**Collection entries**
-------------------------
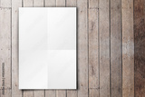 Empty white poster hanging on grunge wood plank wall,Mock up tem
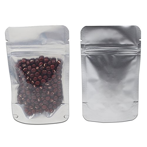 クリアフロントスタンドUp Alone 4.7 Milマイラー箔バッグResealableの熱紐付きのSmell ProofポーチPureアルミ箔Beef Jerky Reclosableパックfor食品グレードストレージ 3.3x5.1 inch-1.7oz Coffee Powder クリア
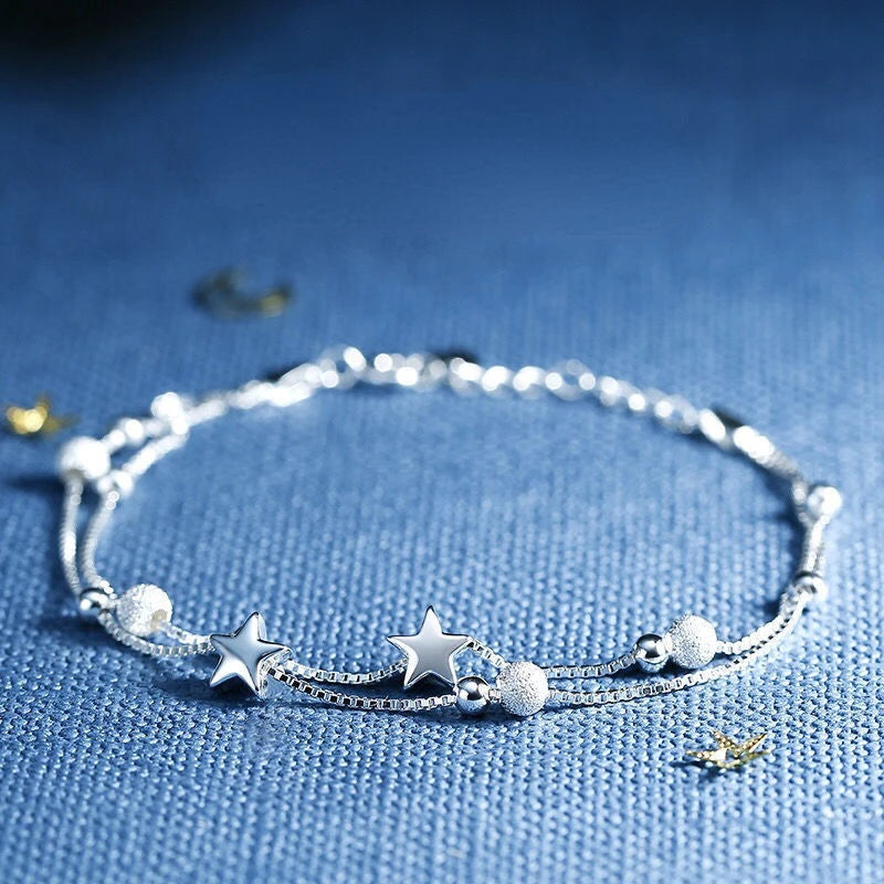 Harajuku Crystal Star Pentagram Pearl Beaded Bracelet for Women Vintage Aesthetic Charm Double Layer Chain Bracelet Jewelry Gift
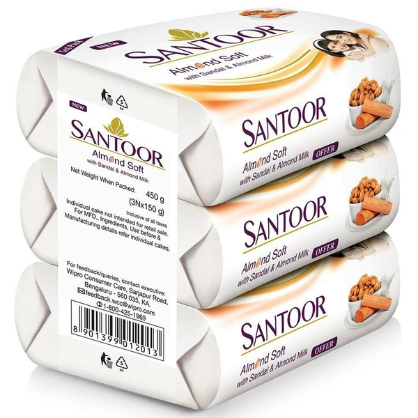 Santoor Almond Soft & Sandal Soap 150 g (Pack of 3)
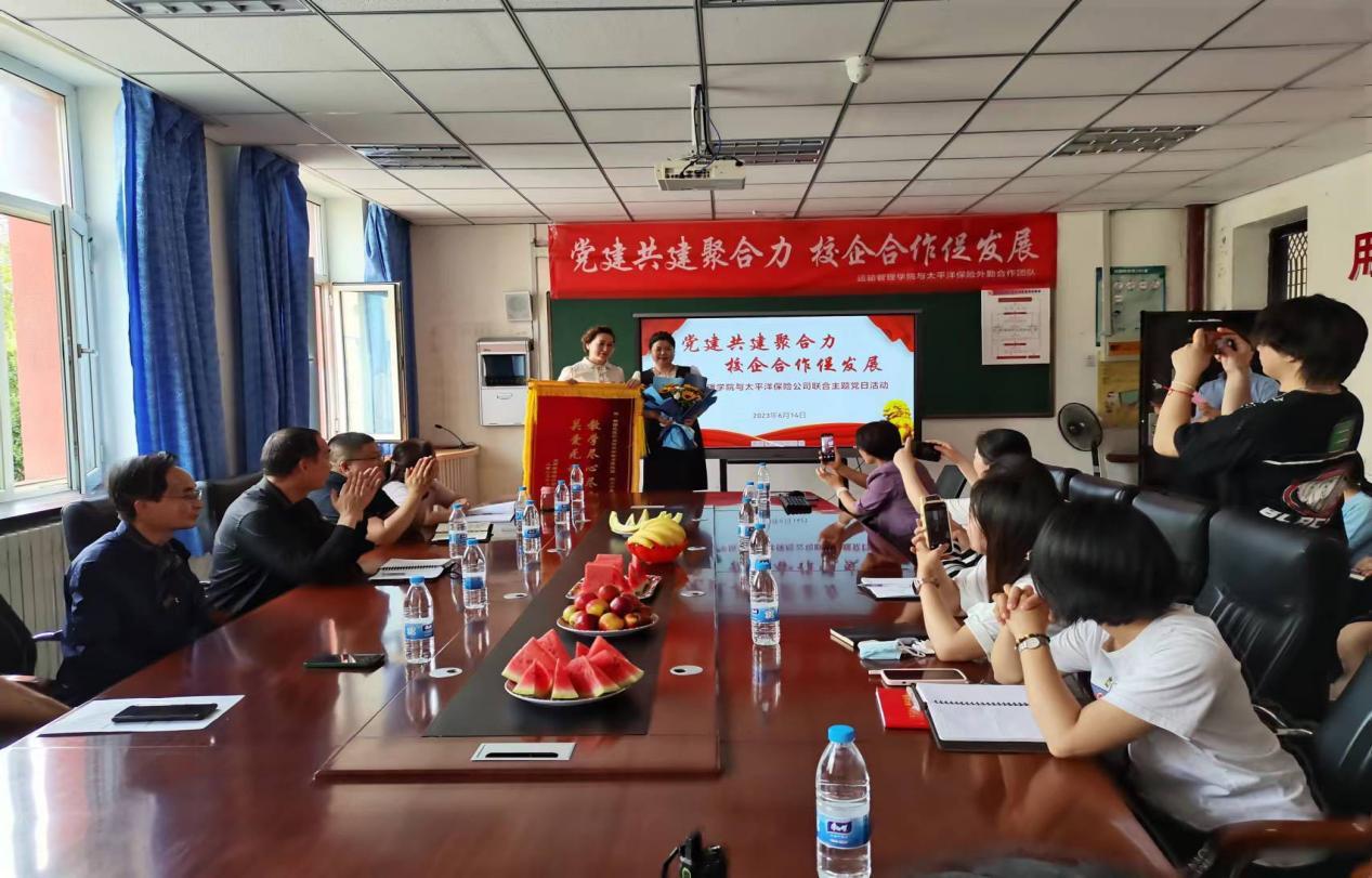 6月15日下午,运输管理学院党总支与太平洋保险公司北京路支公司共同开展“党建共建聚合力,校企合作促发展”主题校企党建联建共建活动。
-------------------------
Beginning with the line that contains "Harajuku Crystal Star" in the data above, please copy each line exactly until the last line, both ends included, skipping any pictures.

 Harajuku Crystal Star Pentagram Pearl Beaded Bracelet for Women Vintage Aesthetic Charm Double Layer Chain Bracelet Jewelry Gift
 Santoor Almond Soft & Sandal Soap 150 g (Pack of 3)
 6月15日下午,运输管理学院党总支与太平洋保险公司北京路支公司共同开展“党建共建聚合力,校企合作促发展”主题校企党建联建共建活动。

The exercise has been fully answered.